To-day we were to have been relieved by the Manchesters at midday, but this morning at ‘stand to’ we heard the time had been altered to 8.0 a.m. ‘B’ was duly relieved, and No. 5 Platoon had just changed gum-boots, while 6, 7, and 8 were sitting at the corner of Maple Redoubt enthralled in the same process, when over came two canisters, one smashing in Old Kent Road, down which we had just come, and the other falling right into an ‘A’ Company dug-out, twenty yards to my left, killing two men and wounding three others, one probably mortally. And now I have just had the news that the Manchester have had twenty-three casualties to-day, including three officers, their R.S.M., and a company sergeant-major.”
As I read some of these sentences, true in every detail as they are, I cannot help smiling. For it was no “bombardment” that took place on our left all day; it was merely the Germans potting one of our trench-mortar positions! And Trafalgar Square was really very quiet, that first time in. But what I notice most is the way in which I record the fall of individual canisters and rifle grenades, even if they were twenty yards away! Never a six days in, latterly, that we did not have to clear Old Kent Road and Watling Street two or three times; and we used to fire off a hundred rifle grenades a day very often, and received as many in return always. And the record of casualties one did not keep. We were lucky, it is true. Once, and once only, after, did “B” Company go in and come out without a casualty. Those first two days in Maple Redoubt, when “everything was quiet,” were the most deceitful harbingers of the future that could have been imagined. “Why long faces?” I could write. The Manchesters had a ruder but a truer introduction to the Bois Français trenches, and especially to Maple Redoubt. For the dug-outs were abominable; not one was shell-proof; and there was no parados or traverse for a hundred and fifty yards. The truth of the matter was that these trenches had been some of the quietest in the line; for some reason or other, when our Division took them over, they immediately changed face about, and took upon themselves the task of growing in a steady relentless crescendo into one of the hottest sectors in the line.
On the 22nd of February the Germans raided our trenches on the left opposite Fricourt. They did not get much change out of it. I can remember at least four raids close on our left or right during those four months; they never actually came over on our front, but we usually came in for the bombardment. The plan is to isolate the sector to be raided by an intense bombardment on that sector, and on the sectors on each side; to “lift” the barrage, or curtain of fire, at a given moment off the front line of the sector raided “what time” (as the old phrase goes) they come over, enter the trench, if they can, make a few prisoners, and get back quickly. All the while the sectors to right and left are being bombarded heavily. It was this isolating bombardment that our front line was receiving, while we were left unmolested in 71 North. All this I did not know at the time. Here is my record of it.
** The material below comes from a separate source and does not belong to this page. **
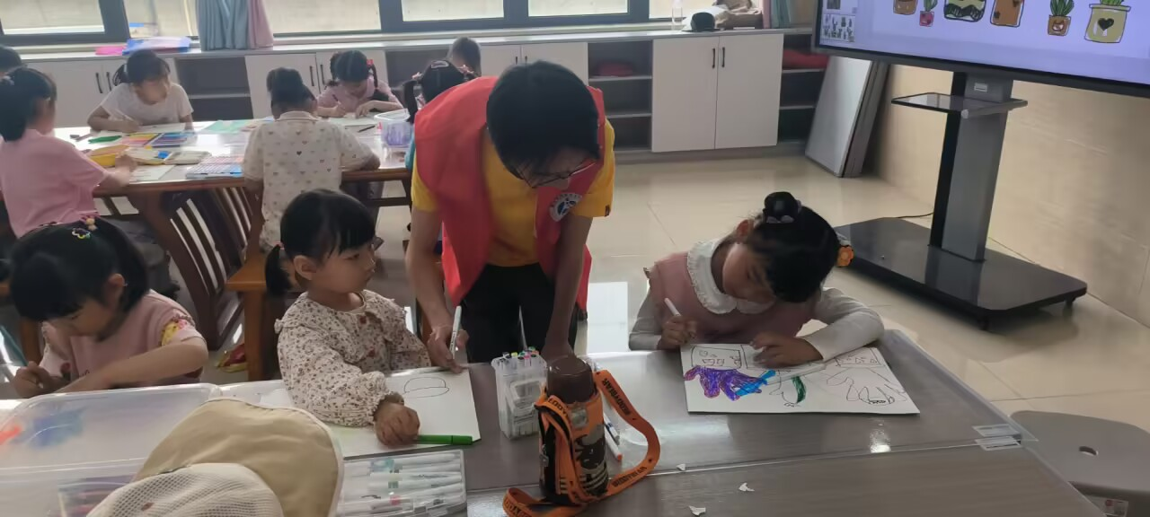 时间在悄然无声中悄然流逝,转瞬间,下课铃声响起。小朋友们却依旧沉醉在创作的欢乐海洋里,他们的作品渐渐展现出独一无二的个性与魅力。志愿者们目睹这一幅幅温馨而又充满奇思妙想的画面,内心洋溢着满满的成就感与欢乐。
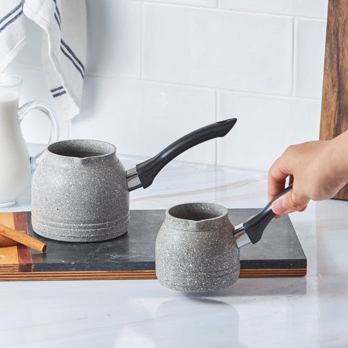 Whether you're savoring a quiet morning moment or sharing a coffee break with a friend, the Karaca Darkstone 2-Piece Coffee Set promises to enhance your coffee rituals. Enjoy the seamless blend of contemporary design and practicality as you sip your coffee from the exquisite cups, making each moment a true celebration of taste and elegance.

“25 Feb., 1916. It is snowing hard. We are in a very comfortable tubular dug-out in 71 North. This dug-out is the latest pattern, being on the twopenny-tube model; very warm, and free from draughts. It is not shell-proof, but then shells never seem to come near here.
Let me try and record the raid on our left on the 22nd, before I forget it.
The Manchesters were in the front line and Maple Redoubt. During the afternoon the Boche started putting heavies on to Maple Redoubt, and the corner of Canterbury Avenue. ‘Bad luck on the Manchesters again,’ we all agreed—and turned in for tea. There was a wonderful good fire going.
‘By Jove, they are going it,’ I said, as we sat down and Gray brought in the teapot. Thud! Thud! Thud—thud! We simply had to go out and watch. Regular coal-boxes, sending up great columns of mud, and splinters humming and splashing right over us, a good hundred yards or more. ‘Better keep inside,’ from Dixon.
We had tea, and things seemed to quiet down.
Then about six o’clock the bombardment got louder, and our guns woke up like fun. ‘Vee-bm ... vee-bm’ from our whizz-bangs going over, and then the machine-guns began on our left. Simultaneously, in came Richards (Dixon’s servant) with an excited air. ‘Gas,’ he exclaimed. Instinctively, I felt for my gas helmet. Meanwhile Dixon had gone outside. ‘Absurd,’ he said in a quiet voice. ‘The wind’s wrong. Who brought that message?’